2. Run the per-type context lookups in parallel — screens for the UI surface, entities for the data model, actions for logic, roles for security — plus the app's references for dependencies on other modules / external libraries.
3. Synthesize into the user-facing explanation.

Edit an existing app and ship it:

1. First turn: start a mentor run with the app_key and your prompt (e.g. "Add a due date field to Task"). It returns a runId; poll the run with its cursor until terminal, then pull mentor_session_id + mentor_session_token out of the result.
2. Optional follow-up turns: start another run passing mentor_session_id + mentor_session_token and your next prompt, and poll the same way. Each terminal result returns a fresh token; use the newest one next.
3. Publish the edited OML with mentor_session_id + mentor_session_token + env_key; it returns a publication id.
4. Poll the publication status until terminal. Pull the publication logs for messages on failure.

Promote a build across environments:

1. Start a deployment with the asset key, the target env_key, and from_env for the source (or pin with build_key + revision); it returns an operation key.
2. Poll the deployment status until terminal.
3. On failure: pull the deployment messages for diagnostics.

Publish a new external library:

1. Build a .NET 8 lib with [OSInterface(Name = "<UniqueName>")] (reusing a name produces a new revision, not a fresh asset). dotnet publish -c Release, zip the .dll + .deps.json at the zip root (no nested folder). Base64-encode the zip.
2. Upload the library with zip_b64 and auto_publish: true; it returns an operation key.
3. Poll the external-library status until Published. On validation failure, pull the operation logs.

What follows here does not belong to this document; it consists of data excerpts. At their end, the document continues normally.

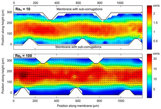 Velocity fields, obtained by particle tracking velocimetry (PTV), of fluid flow between sub-corrugated membranes for Reynold numbers (based on half the channel height), Reh of 10 and 100 in a RED application. Reproduced with permission from Reference [36]. Copyright 2014 Elsevier.
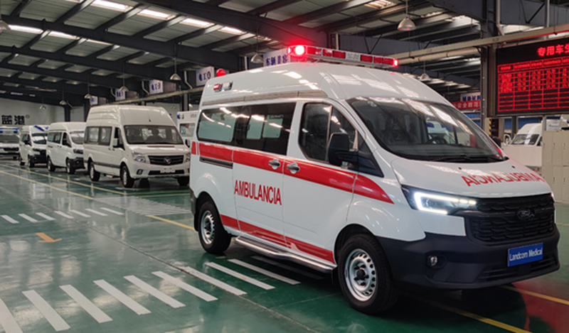The project of customized Landcom brand care-type blister ambulances purchased by Mexican customers, refitted and manufactured on the chassis of the latest Ford gasoline whole vehicles, was successfully delivered and dispatched at the special vehicle factory of Landcom Company today.
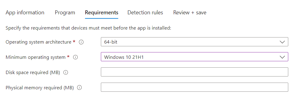 - Complete the requirements section with your OS architecture and minimum level of Windows. If you have additional requirements in your environment, you can add them here.

Reference an external library from an app:

• Just ask mentor: start a run with the app_key and a prompt like "Use the action from in .", then poll the run as usual.

Run a deployment-impact analysis:

1. Start the impact analysis with the asset key and env_key; it returns an analysis id.
2. Poll the impact-analysis status until terminal, passing kind: "deployment". Use kind: "deletion" instead when you started the analysis with delete: true.